(Work to complete):
Transcribe the full listing without changing a word, and omit its pictures.

(Dataset excerpt):
##########

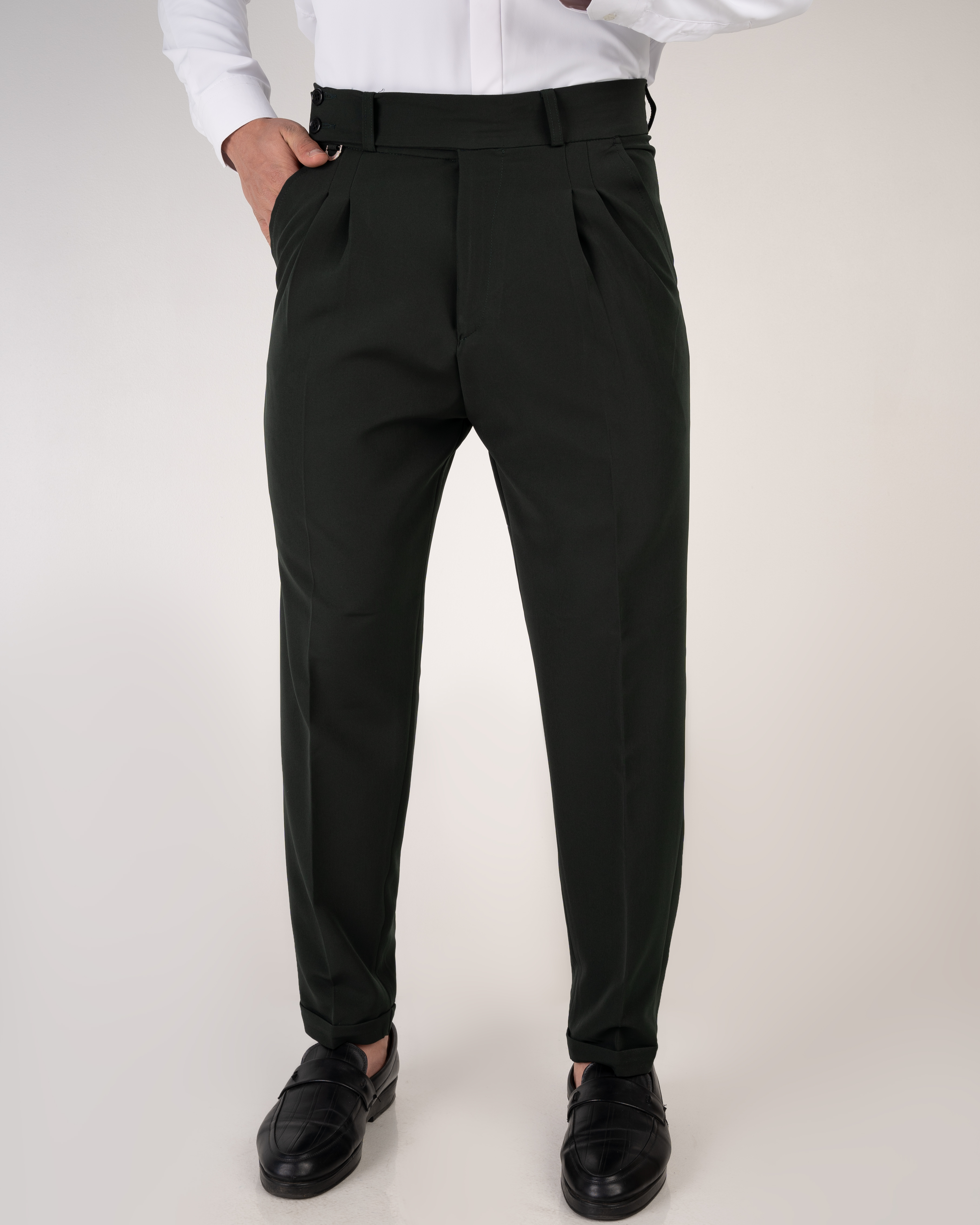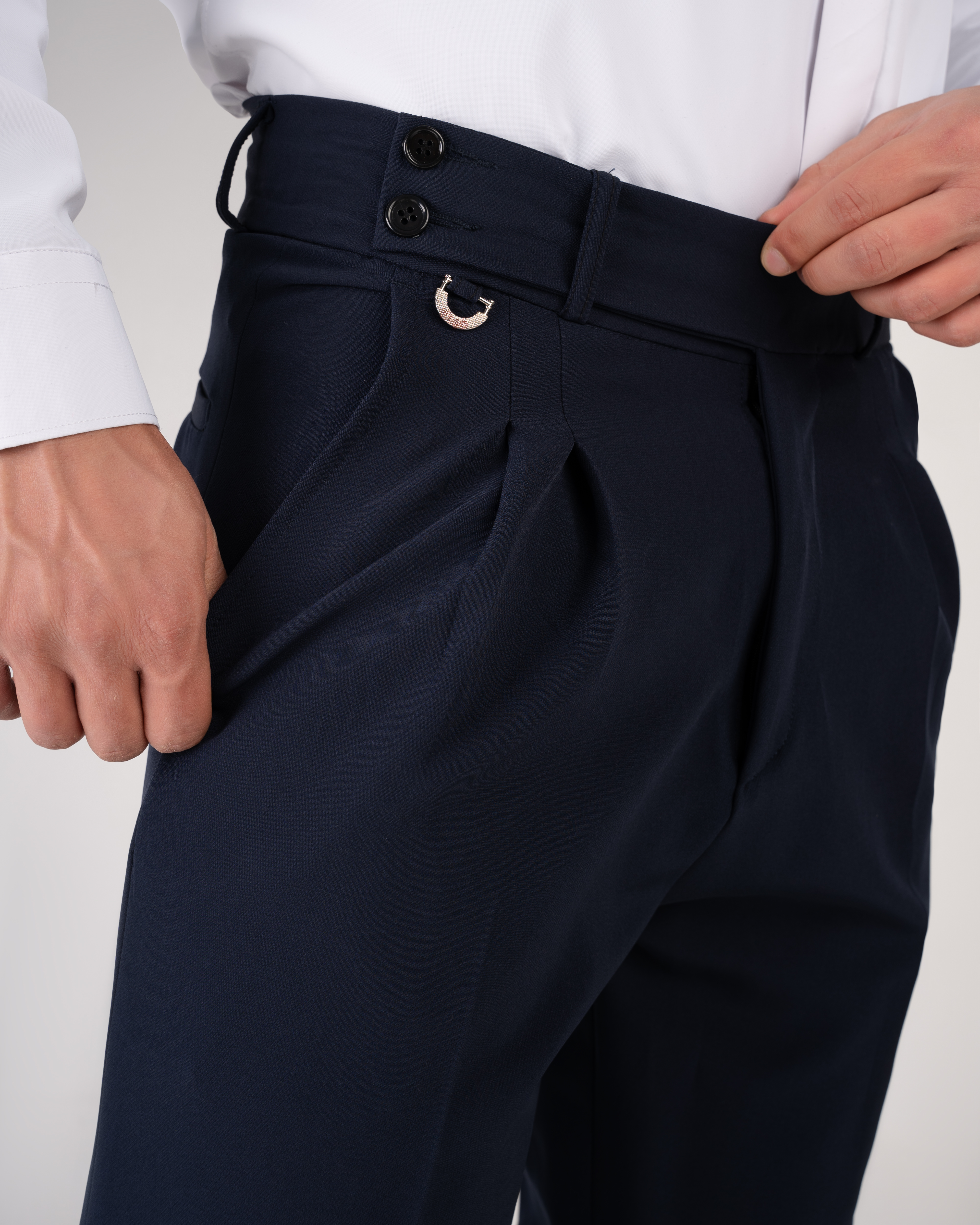 شلوار پارچهای مردانه کمر انگلیسی با طراحی خاص و برش حرفهای در بخش کمر، گزینهای مناسب برای افراد خوشپوش است. این شلوار معمولاً ایستایی بسیار خوبی دارد و برای استایل رسمی فوقالعاده است. جزئیات دقیق در کمر باعث شده این مدل بین طرفداران استایل کلاسیک محبوب باشد.
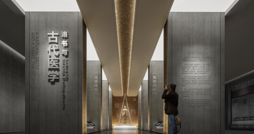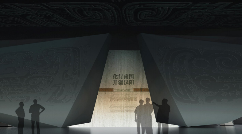 過渡門洞需要很好的兼顧“顯性”和“隱性”這對天然矛盾。顯性是需要有明顯的指示性,需要幫助參觀者明確內(nèi)容板塊的更迭。而隱性是需要與空間進行融合,不能破壞空間的敘事氛圍。
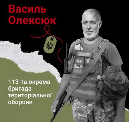 Солдат Василь Олексюк загинув 21 січня 2023 року в бою з окупантами в районі селища Благодатне на Донеччині. Йому було 50 років.
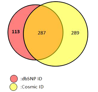 圖4. 突變細(xì)分種類(lèi)的位點(diǎn)數(shù)(經(jīng)過(guò)驗(yàn)證的位點(diǎn)) 7. 位點(diǎn)多,超過(guò)680個(gè)位點(diǎn),全部有對(duì)應(yīng)的Cosmic ID或/和dbSNP ID注釋?zhuān)?/span>

##########

(Written response):
 شلوار پارچهای مردانه کمر انگلیسی با طراحی خاص و برش حرفهای در بخش کمر، گزینهای مناسب برای افراد خوشپوش است. این شلوار معمولاً ایستایی بسیار خوبی دارد و برای استایل رسمی فوقالعاده است. جزئیات دقیق در کمر باعث شده این مدل بین طرفداران استایل کلاسیک محبوب باشد.
 過渡門洞需要很好的兼顧“顯性”和“隱性”這對天然矛盾。顯性是需要有明顯的指示性,需要幫助參觀者明確內(nèi)容板塊的更迭。而隱性是需要與空間進行融合,不能破壞空間的敘事氛圍。
 Солдат Василь Олексюк загинув 21 січня 2023 року в бою з окупантами в районі селища Благодатне на Донеччині. Йому було 50 років.
 圖4. 突變細(xì)分種類(lèi)的位點(diǎn)數(shù)(經(jīng)過(guò)驗(yàn)證的位點(diǎn)) 7. 位點(diǎn)多,超過(guò)680個(gè)位點(diǎn),全部有對(duì)應(yīng)的Cosmic ID或/和dbSNP ID注釋?zhuān)?/span>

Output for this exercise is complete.